Jean Michel BECOGNEE fait des photos depuis toujours, ce sont ces mots à lui. Des vrais mots il en a pourtant, il en donne à des enfants car il est professeur, à des femmes et des hommes emprisonnés car il enseigne en maison d'arrêt. Il est sapeur pompier, aussi, depuis vingt ans. Mais peut-être que certains mots restent coincés dans sa gorge, alors il y a ses photos.
Il sort son appareil dans la rue, au milieu des gens, de ses collègues et des forces de l'ordre, dans le mouvement, au c?ur des événements. Avec son appareil photo, il défend son point de vue. Au plus près, sans tricher. Son témoignage est celui d'un reporter photographe. Il veut savoir, il veut comprendre. Il veut être sûr d'être vivant parmi les vivants, il prend des risques, parfois.
Ce n'est pas nouveau, c'est juste un impérieux besoin de vérifier cet état. Tout ce qui charge en mêlée, sur un tatami, qui roule, qui flotte, qui vole, à voile ou à moteur, il connaît.
On pourrait ajouter qu'il est courageux. Et posé, mais ça c'est l'âge.
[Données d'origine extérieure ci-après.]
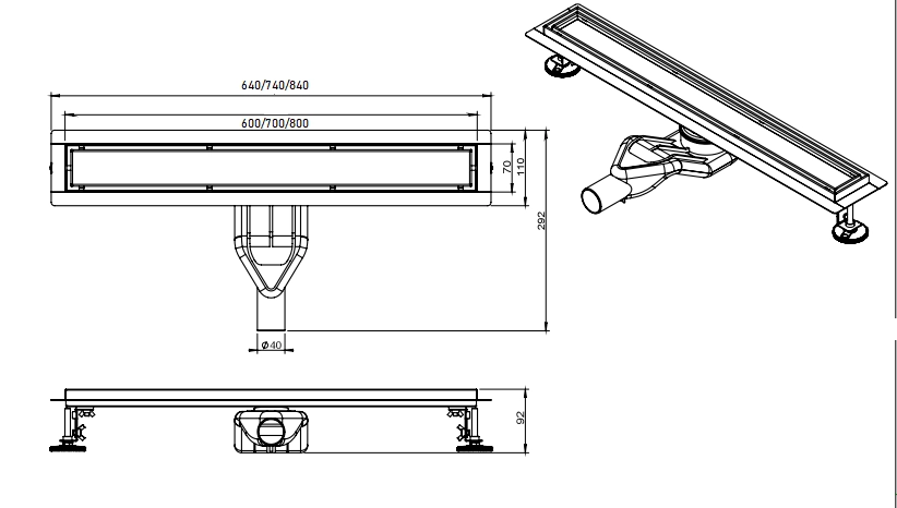 Душевой лоток Ceramalux CL6138-70 щелевой, нержавеющая сталь, сатин 700 мм 2, сатин

C'est utile car cela lui permet d'être au ras des pavés, de recevoir les grenades lacrymogènes ou d'entendre le bruit des goupilles. A chaque manifestation, il est là visage découvert, il noue des relations, on lui parle. De la misère, des mois qui n'ont pas de fin, ni de début.
Notre homme cherche à comprendre, à nous faire partager ce qu'il a attrapé après toutes ces journées, ces violences, la répression, le chaos.
Il croit que l'homme peut redevenir libre. Quelle drôle d'idée. Ses photos sont terribles pour certaines mais il y a aussi tous ces visages. « La beauté est dans la rue » c'était en 1968. Depuis, la colère est dans la rue, l'espoir aussi. La beauté, toujours.